== Source data

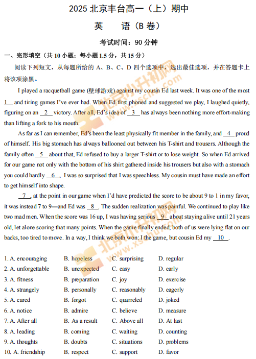2025-2026学年第一学期北京丰台区高一英语期中试卷(B卷)
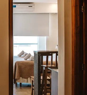 Cuenta con cama matrimonial o individual, barra desayunadora con banquetas y un mobiliario simple pero funcional. La cocina equipada incluye vajilla básica, pava eléctrica, microondas y heladera con freezer, para que puedas resolver tus comidas con total comodidad.
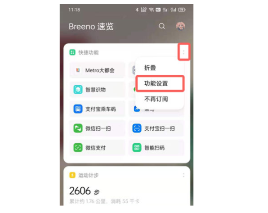 3、在进入负一屏之后,找到【快捷功能】,点击右侧的两个点选择【功能设置】;
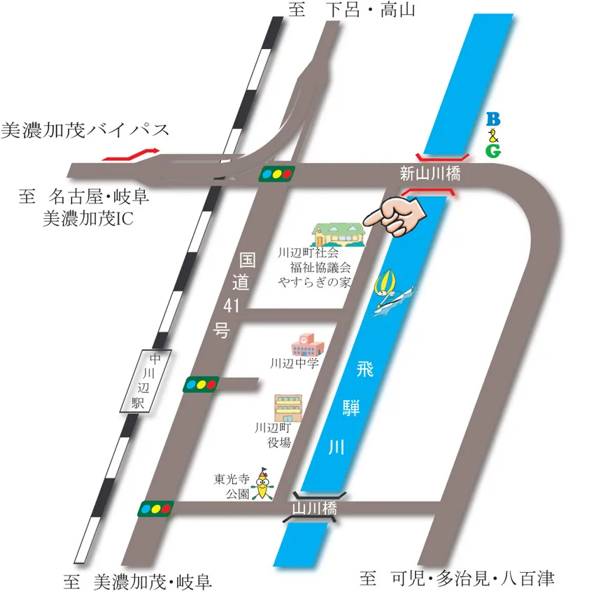 やすらぎの家アクセス 〒509-0303岐阜県加茂郡川辺町石神128番地 やすらぎの家TEL:0574-53-2121 駐車場 P1(第1駐車場) 駐車場 7台大変少ないですので無理な駐車はご遠慮ください。 P2(第2駐車場) 駐車場 57台 やすらぎの家の裏になります。 P3(第3駐車場) 駐車場 31台 職員駐車場ですが、空いている所は、使用可能です。
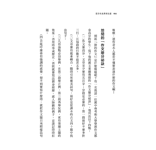到底「對的作文」是什麼模樣呢?有一次我請一位國中會考和大學學測作文都拿高分的學生,寫下他的國文老師傳授的「作文搶分祕訣」,他列出以下四點:
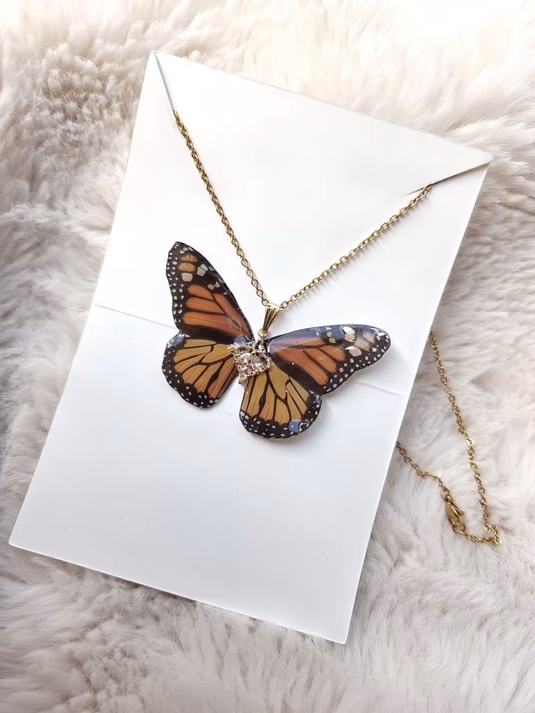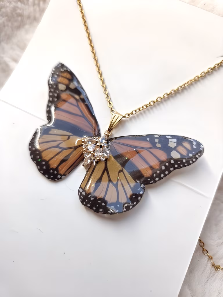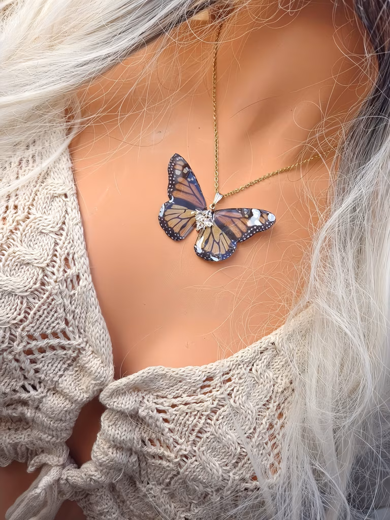 Łańcuszek: 45 cm stal chirurgiczna, środek motylka miedź pozłacana 18k złotem. Wymiar zawieszki: 6,5x4,3 cm, utwardzona żywica, kamień naturalny 6 mm.
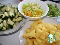Приготовим овощи. Нарезать кубиком картофель и кабачки, перец соломкой. |
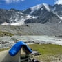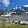 Je näher wir dem Fusse des mächtigen Bergmassives kamen, desto besser wurde das Wetter. In der Nähe des Gletschersees bei Pt 2'662 richteten wir in einer traumhaften Umgebung unser Basecamp ein.
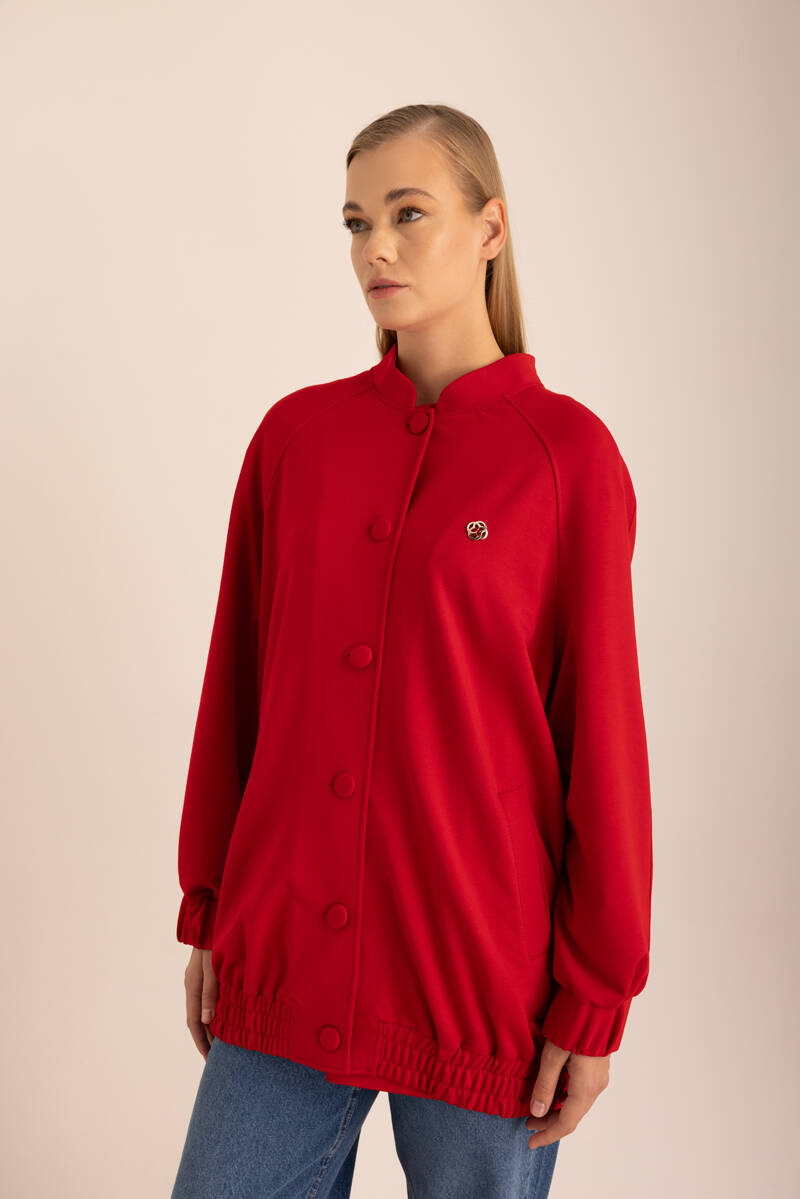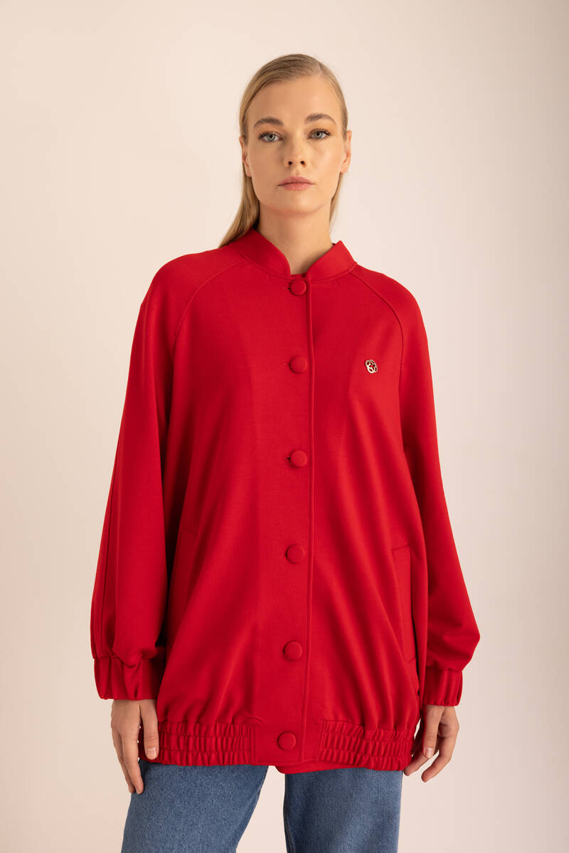 Kırmızı Logo Detaylı Bomber Ceket

====

* **Action item**:
Return exactly the lines that begin with the one containing "Łańcuszek: 45 cm" and end with the final line of the data above; include no pictures.

* **Output of the task**:
 Łańcuszek: 45 cm stal chirurgiczna, środek motylka miedź pozłacana 18k złotem. Wymiar zawieszki: 6,5x4,3 cm, utwardzona żywica, kamień naturalny 6 mm.
Приготовим овощи. Нарезать кубиком картофель и кабачки, перец соломкой. |
 Je näher wir dem Fusse des mächtigen Bergmassives kamen, desto besser wurde das Wetter. In der Nähe des Gletschersees bei Pt 2'662 richteten wir in einer traumhaften Umgebung unser Basecamp ein.
 Kırmızı Logo Detaylı Bomber Ceket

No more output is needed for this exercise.